I am constantly being woken up in the middle of the night. My brother's cat, he comes into my room every night between 4-5am to wake me up. He tells me he wants to go outside. (He's an indoor-outdoor cat). Now why he chooses me to wake up, I don't know, the rest of the day he doesn't give me the time of day. If I close the door he claws at it and yowls - if I ignore him he jumps onto the windowsill above my head and falls ONTO my head (he's not the most dexterous) and stands on my dresser and yowls. But if you put him out at the start of the night, he finds his way onto the roof (!!) to MY window and sits outside yowling. You just can't win.

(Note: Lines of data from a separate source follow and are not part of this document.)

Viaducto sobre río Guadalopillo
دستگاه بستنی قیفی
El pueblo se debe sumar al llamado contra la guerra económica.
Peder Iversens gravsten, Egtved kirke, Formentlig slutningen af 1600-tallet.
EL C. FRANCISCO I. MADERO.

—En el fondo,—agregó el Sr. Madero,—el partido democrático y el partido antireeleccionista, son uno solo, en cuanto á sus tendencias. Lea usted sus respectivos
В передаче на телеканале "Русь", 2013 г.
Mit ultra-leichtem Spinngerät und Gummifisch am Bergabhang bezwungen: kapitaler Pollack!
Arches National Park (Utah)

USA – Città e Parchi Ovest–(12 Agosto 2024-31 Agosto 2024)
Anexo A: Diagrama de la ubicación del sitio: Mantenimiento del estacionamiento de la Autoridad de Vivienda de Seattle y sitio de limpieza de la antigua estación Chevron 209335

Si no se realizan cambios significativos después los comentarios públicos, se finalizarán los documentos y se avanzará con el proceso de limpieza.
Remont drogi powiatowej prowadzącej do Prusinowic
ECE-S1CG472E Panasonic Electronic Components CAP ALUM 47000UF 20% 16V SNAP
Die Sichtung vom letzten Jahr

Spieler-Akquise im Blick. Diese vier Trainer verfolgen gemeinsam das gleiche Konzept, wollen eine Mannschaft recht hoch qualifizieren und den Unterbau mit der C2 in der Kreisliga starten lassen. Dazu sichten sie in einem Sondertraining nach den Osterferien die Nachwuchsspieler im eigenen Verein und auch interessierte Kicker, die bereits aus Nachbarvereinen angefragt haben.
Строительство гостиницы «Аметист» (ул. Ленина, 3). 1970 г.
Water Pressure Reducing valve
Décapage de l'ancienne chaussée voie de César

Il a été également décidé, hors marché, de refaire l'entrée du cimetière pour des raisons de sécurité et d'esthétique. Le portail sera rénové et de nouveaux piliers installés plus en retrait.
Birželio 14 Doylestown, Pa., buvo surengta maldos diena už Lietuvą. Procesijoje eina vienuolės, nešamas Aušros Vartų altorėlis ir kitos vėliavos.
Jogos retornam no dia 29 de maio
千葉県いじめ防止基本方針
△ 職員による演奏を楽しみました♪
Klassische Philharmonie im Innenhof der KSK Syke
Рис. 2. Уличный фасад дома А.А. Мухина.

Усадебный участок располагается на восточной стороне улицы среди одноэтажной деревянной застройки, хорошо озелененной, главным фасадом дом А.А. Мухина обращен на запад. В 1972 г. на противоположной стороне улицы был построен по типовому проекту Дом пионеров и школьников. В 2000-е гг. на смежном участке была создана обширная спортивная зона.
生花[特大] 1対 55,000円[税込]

My solution: tell brother to KEEP his cat IN his room all night. Angel won't wake him up (??). Sleeps all night on the pillow beside him. But if the door's open a crack... back up to my room. I just don't get it.

Good luck. :?


----------



## thewebbmeister (Aug 26, 2004)

I slept at home last night, and had a great nights sleep with no interruptions. Maybe earplugs are the answer.


----------



## 22Raiynee22 (Aug 13, 2004)

*.*

welcome to the wonderful life of the cat lol they can think they own the world :lol: I dont have any advice since you said you were a light sleeper, i'd say just let the kitty have sum of your pillow, maybe he/she just wants to share with you lol


----------



## TAsunder (Apr 6, 2004)

I tried ear plugs but they didn't seem to stop my cat rubbing me with his face from 4am to 6:30am. Not much did... the closest thing is when I come home late, like midnight.


----------



## Gabreilla Moushigo (Jun 14, 2004)

All of my cats have done the same - I am also a light sleeper - so I know your pain. Here is my solution: before I go to sleep - I let him lay down above my head on the pillow - he goes to sleep - I go to sleep - problem solved. If you try to move them everywhere - they get huffy - and they DO knock things off counters and jump all over you and are general hellions. As long as you don't mind a little fuzzy sleeping above your head - you should be fine.


----------



## Loving_My_Cats (May 26, 2004)

thewebbmeister said:


> I slept at home last night, and had a great nights sleep with no interruptions. Maybe earplugs are the answer.


No offence but you seem to have a thing against the cat. I am sure it's been sleeping on the bed as long as it's been there. It's used to it. For a new 'man' to come along, put it off the bed.. i'm sure the cat is getting mad, and maybe why it knocks stuff over. As I already said, as others.. just let it sleep on your pillow. Don't move it, and things should be good!


----------